Non-goal: Topics or higher-level organizing concepts
A common tactic to achieve horizontal scale-out of high volume message flows is to spread a collection of like messages across a number of “partitions”, which collectively form a “topic”. Many systems, like Kafka or Pulsar, provide a formal representation of topics as an API concern. Gazette does not, and understands only journals.
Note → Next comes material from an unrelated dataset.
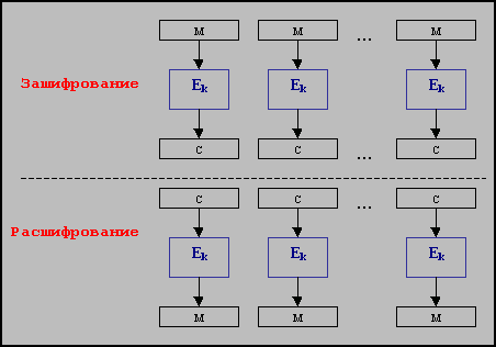 Исходный текст разбивается на блоки, равные размеру блока шифра. Затем с каждый блок шифруют независимо от других с использованием одного ключа шифрования. Графически это выглядит так:

Instead, Gazette borrows Kubernetes’ notion of “labels”, which can be applied
to resources like journals, and “label selectors” which define queries over
declared labels. Topics can informally be implemented as a label and selector
like topic=my_logs
but selectors allow for additional flexible expressions
(eg, topic=my_logs, region in (apac, us)
, or topic in (my_logs, my_new_logs)
Simple file-based integration with existing batch processing work-flows
Spans of journal content (known as “fragments”) use a content-addressed naming convention but otherwise impose no file structure and contain only raw journal content, optionally compressed. Fragments are also written under predictable prefixes to the backing blob storage service, which means existing batch processing work-flows can “integrate” with Gazette by directly reading and watching for files within the blob store, using a service (such as Amazon SNS) to receive file notifications, or using a library which implements such polling already (such as Spark DStreams).
Fast, zone/rack aware balancing and fail-over
Gazette brokers and consumers dynamically balance work items (eg, journals) across the current cohort of application instances deployed by the operator. Those instances may come and go, or even fail, at any time.
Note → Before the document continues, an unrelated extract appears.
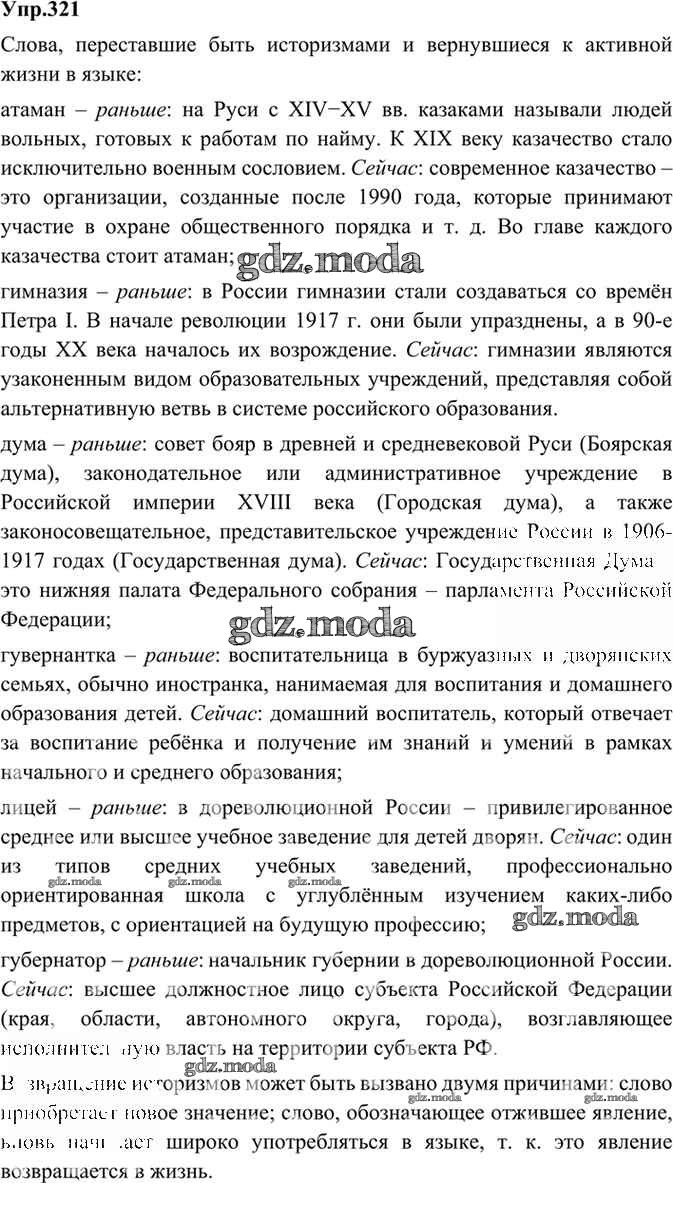 ОТВЕТ на задание № 321 Учебник по Русскому языку 9 класс Бархударов

Failure of a broker or consumer process should be detected and fail-over quickly, and should be tolerant to rack or whole availability zone failures. Such failures should never result in data-loss, or interrupt broker or consumer services for more than the seconds it takes to detect failure and remove affected members from the topology, appropriately re-balancing their load.
Brokers are able to immediately serve a newly assigned journal without any replication delay. Gazette consumers may optionally have a number of “hot standbys” which replicate database file state and can immediately take over for a failed peer.
Non-goals: distributed state & consensus
Gazette uses Etcd v3 as the single source-of-truth for distributed state (eg current membership, journal specifications, and process assignments). Etcd v3 leases are used to detect process failures and gate distributed topology changes. Gazette employs an “allocator”, running atop Etcd API primitives, which solves for distributed zone-aware assignment and horizontal rebalancing.
Non-goals: resource management and job scheduling
Gazette does not manage workloads or services, such as the provisioning or scaling of brokers or consumers, and relies on an external orchestration framework to perform these tasks. The authors use and enthusiastically recommend Kubernetes.